> [Data provided]
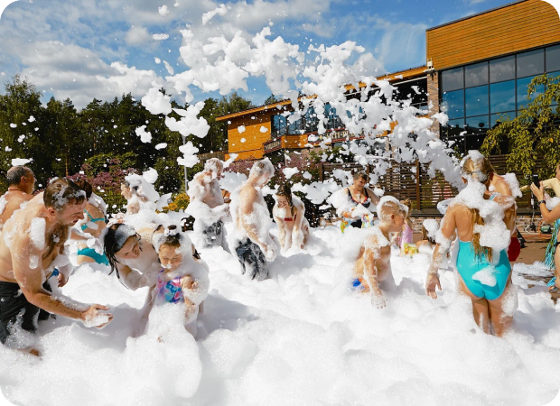 Most think foam is made from soap and water, making you get cold, wet, and sticky. Wrong! Yes, your clothes will get damp, but you will not feel cold when you are in the foam, it will keep you warm. Our foam is 100% Naturally Organic making it 100% safe for all, including the planet. Our foam solution is odor free, and has no chemicals, Sulfates or petrol ingredients. Fun and Safety will always be our priority.
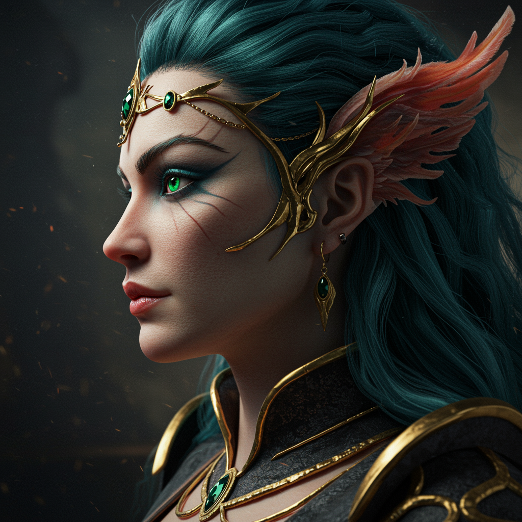 View this AI-generated image featuring a side profile of an intricately detailed game character depicting an eternal goddess with vivid emerald green eyes highly detailed and set in a subtly dim ambiance the overall appearance is ultra realistic showcasing hyper detailed features akin to a photograp
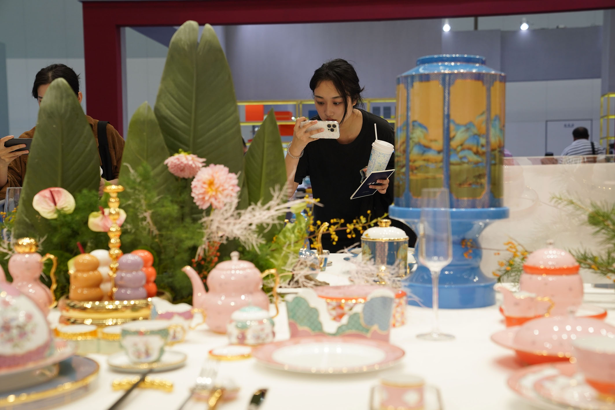 景德镇(江西),参观者正在景德镇瓷博会上拍摄精美陶瓷。新华社记者 周密 摄
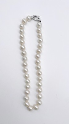 COLLIER DE PERLES de culture chocker (12 mm env). Fermoir design en argent (925).

> [What this task involves] Please copy the data above character for character, skipping any pictures.

> [Finished task]
 Most think foam is made from soap and water, making you get cold, wet, and sticky. Wrong! Yes, your clothes will get damp, but you will not feel cold when you are in the foam, it will keep you warm. Our foam is 100% Naturally Organic making it 100% safe for all, including the planet. Our foam solution is odor free, and has no chemicals, Sulfates or petrol ingredients. Fun and Safety will always be our priority.
 View this AI-generated image featuring a side profile of an intricately detailed game character depicting an eternal goddess with vivid emerald green eyes highly detailed and set in a subtly dim ambiance the overall appearance is ultra realistic showcasing hyper detailed features akin to a photograp
 景德镇(江西),参观者正在景德镇瓷博会上拍摄精美陶瓷。新华社记者 周密 摄
 COLLIER DE PERLES de culture chocker (12 mm env). Fermoir design en argent (925).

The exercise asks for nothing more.